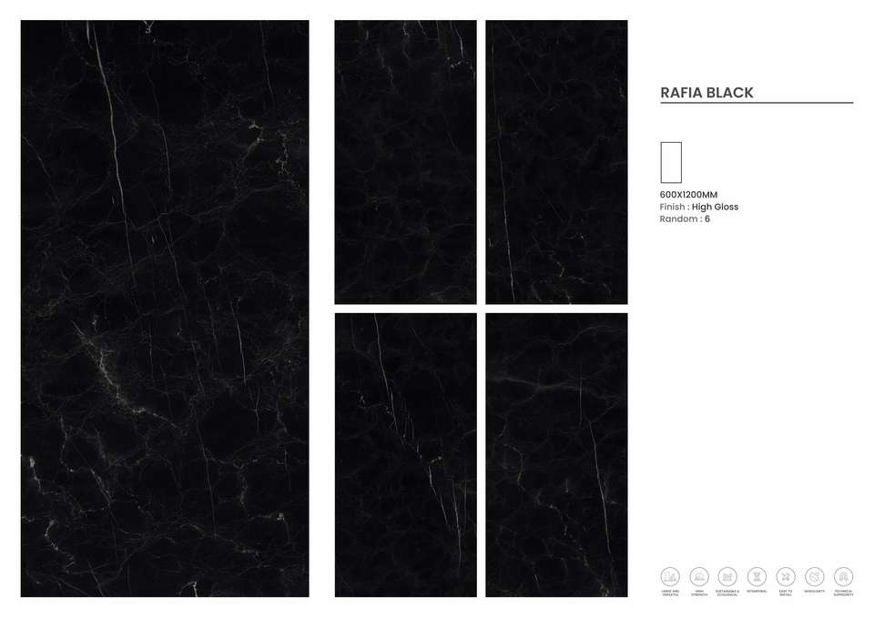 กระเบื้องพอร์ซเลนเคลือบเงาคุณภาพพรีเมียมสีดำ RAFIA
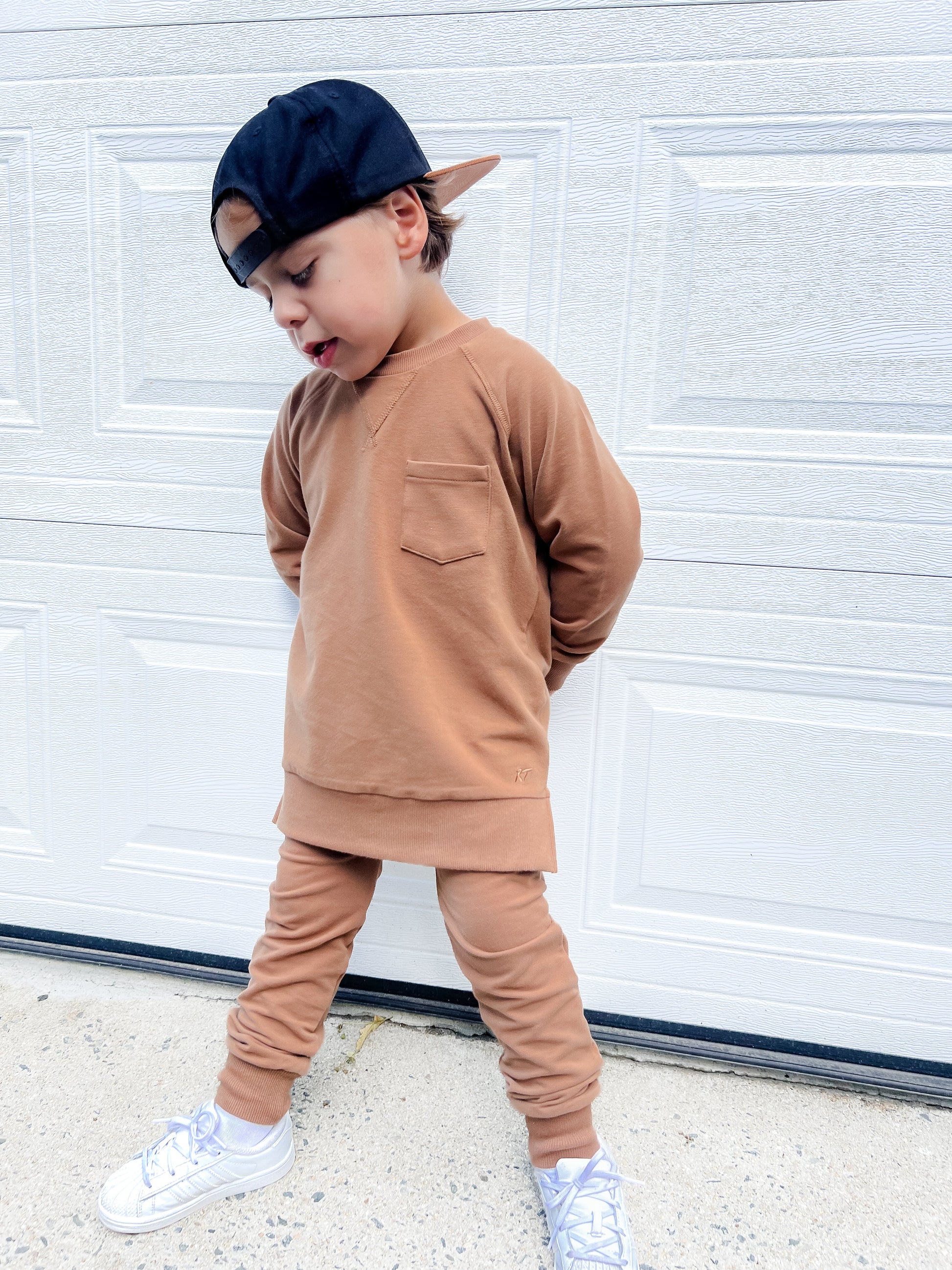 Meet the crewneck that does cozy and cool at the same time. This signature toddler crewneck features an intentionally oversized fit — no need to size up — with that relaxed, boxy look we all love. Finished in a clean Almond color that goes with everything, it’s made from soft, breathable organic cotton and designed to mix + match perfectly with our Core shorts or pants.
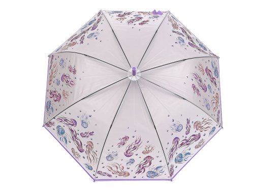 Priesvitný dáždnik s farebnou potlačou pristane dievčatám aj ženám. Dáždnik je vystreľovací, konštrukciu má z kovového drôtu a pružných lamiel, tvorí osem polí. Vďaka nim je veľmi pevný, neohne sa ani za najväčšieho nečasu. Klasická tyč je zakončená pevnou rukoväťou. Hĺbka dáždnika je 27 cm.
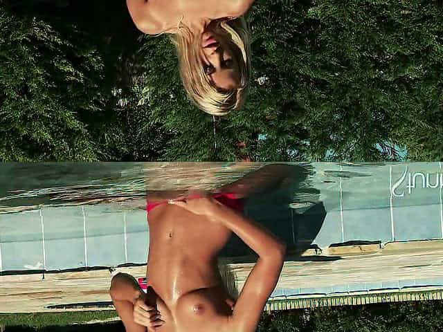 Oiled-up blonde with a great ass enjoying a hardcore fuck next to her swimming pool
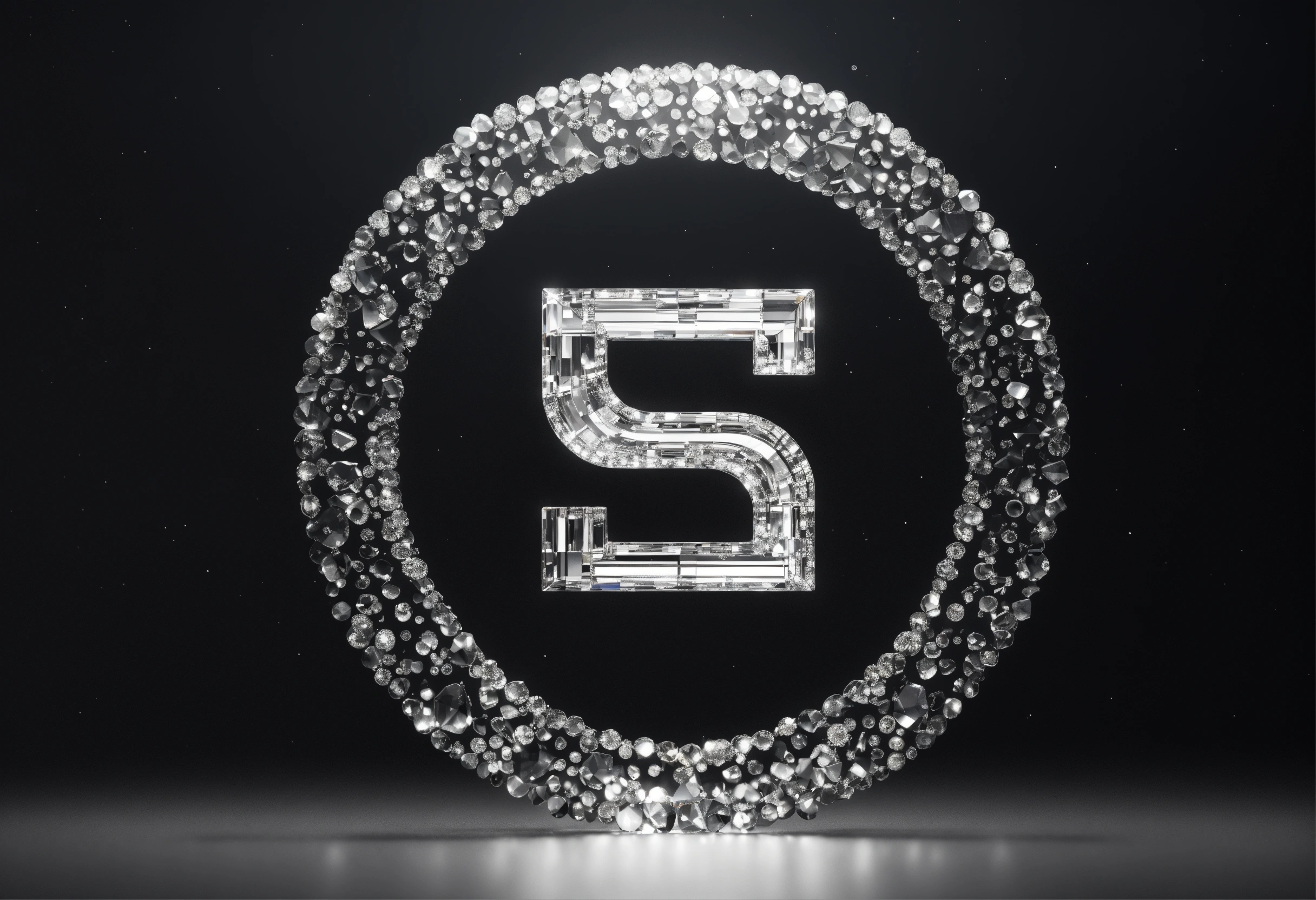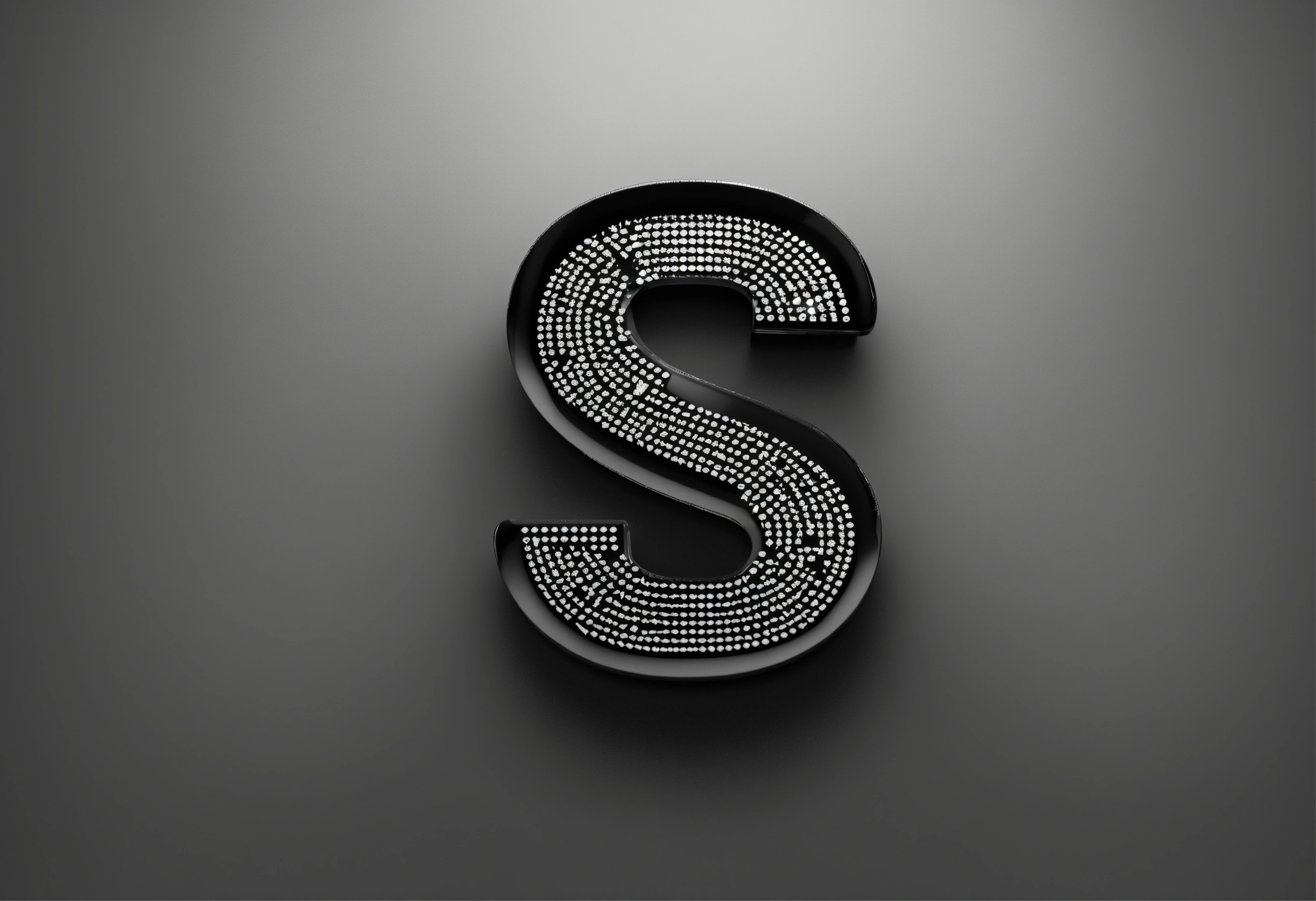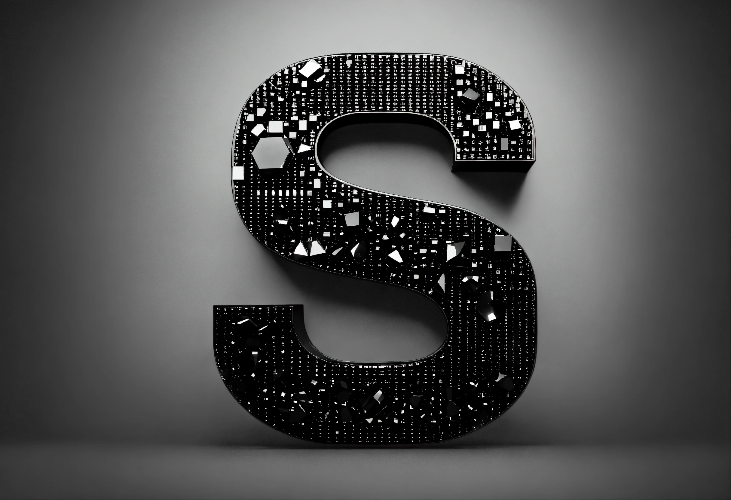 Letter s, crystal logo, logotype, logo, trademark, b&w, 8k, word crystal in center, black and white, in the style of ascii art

...

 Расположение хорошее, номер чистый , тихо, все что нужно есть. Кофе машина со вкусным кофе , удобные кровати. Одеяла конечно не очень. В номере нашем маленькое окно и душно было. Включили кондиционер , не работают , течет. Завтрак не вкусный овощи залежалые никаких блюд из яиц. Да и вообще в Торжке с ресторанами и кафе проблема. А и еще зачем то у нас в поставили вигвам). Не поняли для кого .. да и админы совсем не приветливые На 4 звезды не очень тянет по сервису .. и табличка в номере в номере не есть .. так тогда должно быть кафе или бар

--

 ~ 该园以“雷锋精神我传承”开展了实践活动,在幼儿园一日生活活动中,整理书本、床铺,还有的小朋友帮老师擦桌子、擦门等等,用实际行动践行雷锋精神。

* [Directions]
After locating the line containing "Priesvitný dáždnik s" in the entries above, return it and every line after it exactly, ending at the line containing "Letter s, crystal", without pictures.

* [Answer box]
 Priesvitný dáždnik s farebnou potlačou pristane dievčatám aj ženám. Dáždnik je vystreľovací, konštrukciu má z kovového drôtu a pružných lamiel, tvorí osem polí. Vďaka nim je veľmi pevný, neohne sa ani za najväčšieho nečasu. Klasická tyč je zakončená pevnou rukoväťou. Hĺbka dáždnika je 27 cm.
 Oiled-up blonde with a great ass enjoying a hardcore fuck next to her swimming pool
 Letter s, crystal logo, logotype, logo, trademark, b&w, 8k, word crystal in center, black and white, in the style of ascii art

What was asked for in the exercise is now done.